-- Task directions --
What is needed is an exact copy of every line from the one containing "Het perceel waarop" through the end of the entries; please set it down without any pictures.
#####
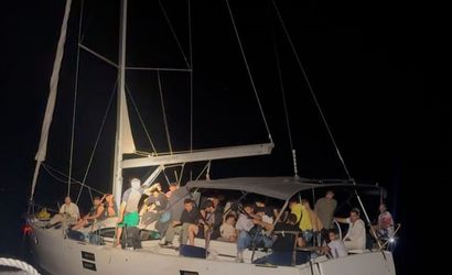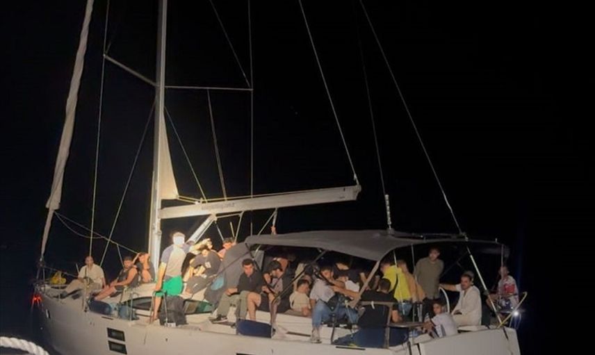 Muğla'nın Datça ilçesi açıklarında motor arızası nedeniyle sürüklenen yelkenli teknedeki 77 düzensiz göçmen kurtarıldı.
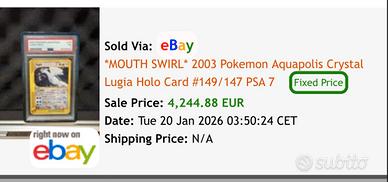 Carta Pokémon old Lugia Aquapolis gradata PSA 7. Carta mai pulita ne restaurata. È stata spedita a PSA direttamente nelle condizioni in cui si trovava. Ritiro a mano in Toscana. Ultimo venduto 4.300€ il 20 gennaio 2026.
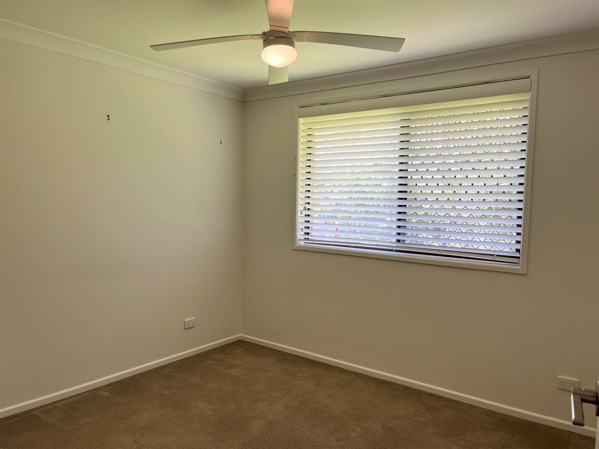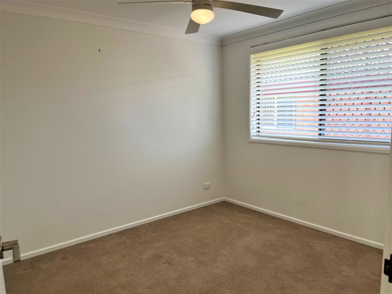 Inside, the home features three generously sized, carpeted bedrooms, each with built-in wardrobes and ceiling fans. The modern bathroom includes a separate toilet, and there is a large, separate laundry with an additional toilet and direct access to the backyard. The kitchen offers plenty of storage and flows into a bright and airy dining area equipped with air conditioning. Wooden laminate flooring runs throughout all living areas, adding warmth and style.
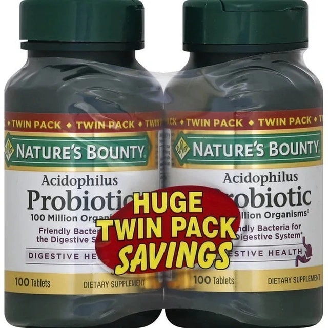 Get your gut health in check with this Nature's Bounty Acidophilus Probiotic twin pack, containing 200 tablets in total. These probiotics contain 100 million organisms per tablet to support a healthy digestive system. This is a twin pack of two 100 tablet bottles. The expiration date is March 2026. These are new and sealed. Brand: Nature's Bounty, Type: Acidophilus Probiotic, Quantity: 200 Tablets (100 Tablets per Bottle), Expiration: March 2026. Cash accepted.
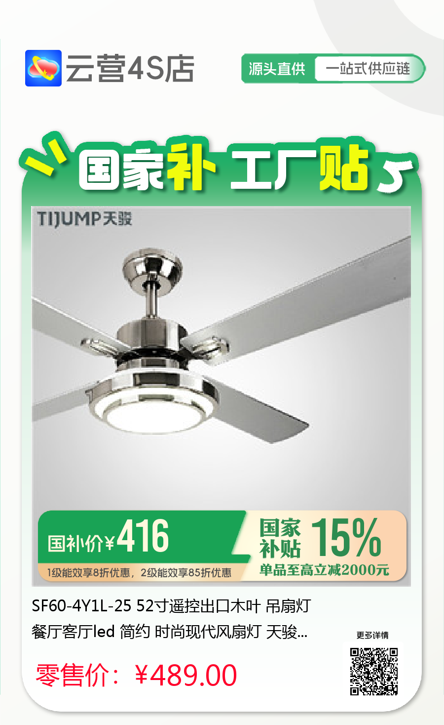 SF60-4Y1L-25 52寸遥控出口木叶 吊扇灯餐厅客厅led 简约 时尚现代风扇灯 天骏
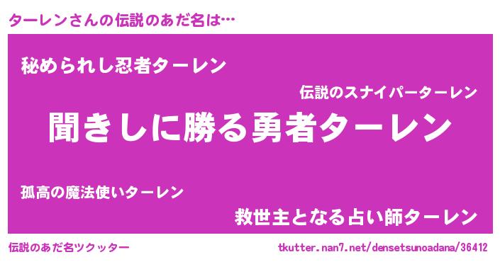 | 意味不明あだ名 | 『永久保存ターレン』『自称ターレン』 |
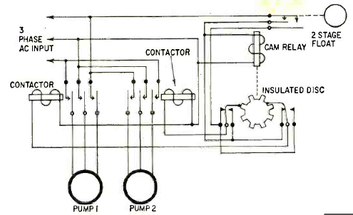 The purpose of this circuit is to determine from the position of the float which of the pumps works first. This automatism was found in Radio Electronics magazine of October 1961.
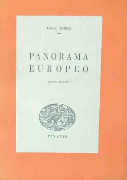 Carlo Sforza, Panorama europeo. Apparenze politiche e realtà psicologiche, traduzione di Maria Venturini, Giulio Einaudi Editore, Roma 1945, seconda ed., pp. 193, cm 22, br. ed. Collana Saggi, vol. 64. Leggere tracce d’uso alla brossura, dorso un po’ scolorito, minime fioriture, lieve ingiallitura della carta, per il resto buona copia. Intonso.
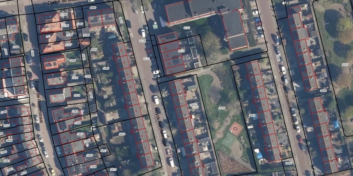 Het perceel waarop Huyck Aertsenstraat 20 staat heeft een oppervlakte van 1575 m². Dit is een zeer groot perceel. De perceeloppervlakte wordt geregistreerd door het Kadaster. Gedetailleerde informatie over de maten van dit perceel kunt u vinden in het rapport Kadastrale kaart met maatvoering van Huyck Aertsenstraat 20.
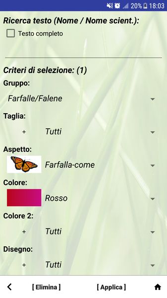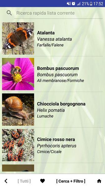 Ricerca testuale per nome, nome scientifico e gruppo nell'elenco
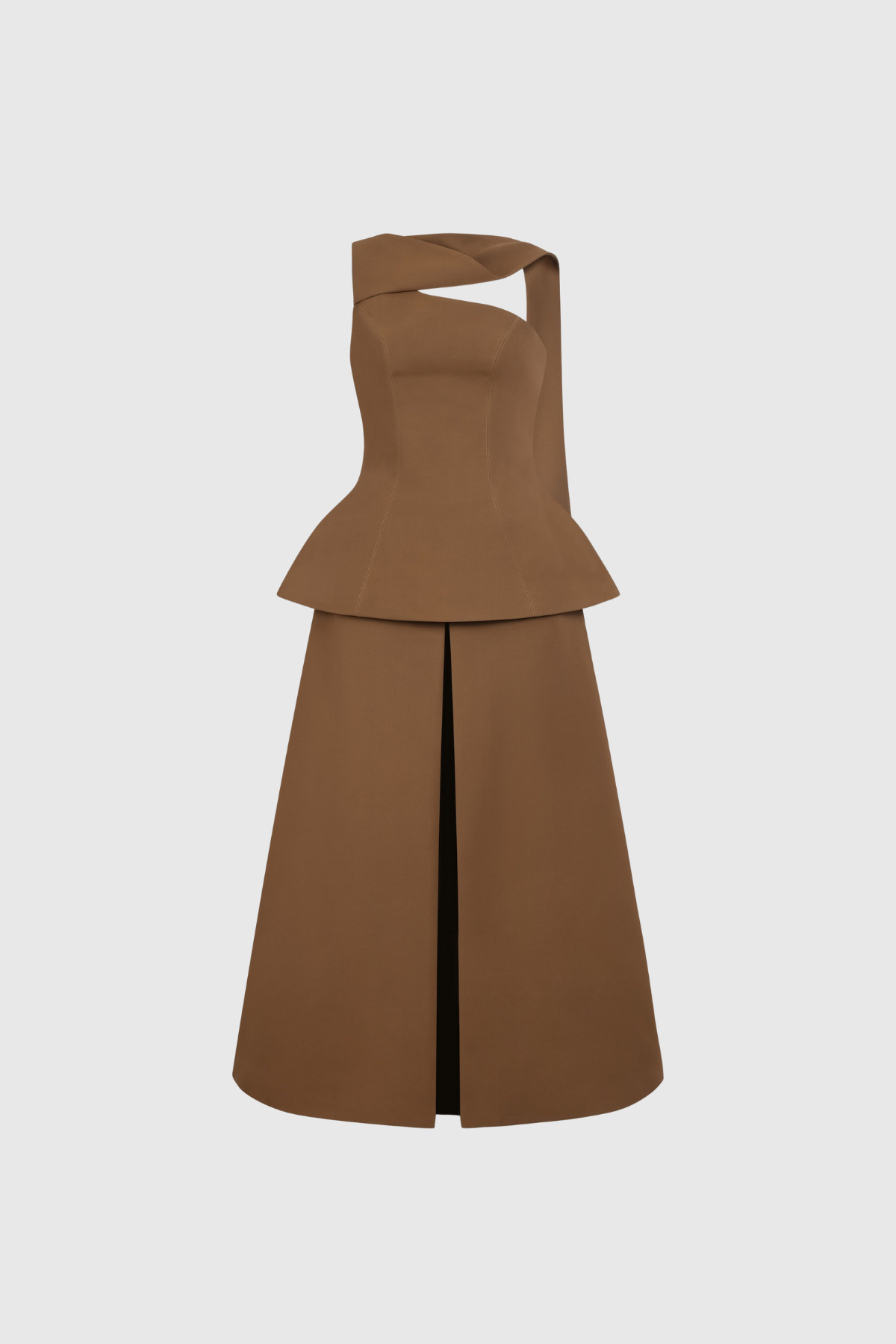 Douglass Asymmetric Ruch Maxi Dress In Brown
#####
-- Solution --
 Het perceel waarop Huyck Aertsenstraat 20 staat heeft een oppervlakte van 1575 m². Dit is een zeer groot perceel. De perceeloppervlakte wordt geregistreerd door het Kadaster. Gedetailleerde informatie over de maten van dit perceel kunt u vinden in het rapport Kadastrale kaart met maatvoering van Huyck Aertsenstraat 20.
 Ricerca testuale per nome, nome scientifico e gruppo nell'elenco
 Douglass Asymmetric Ruch Maxi Dress In Brown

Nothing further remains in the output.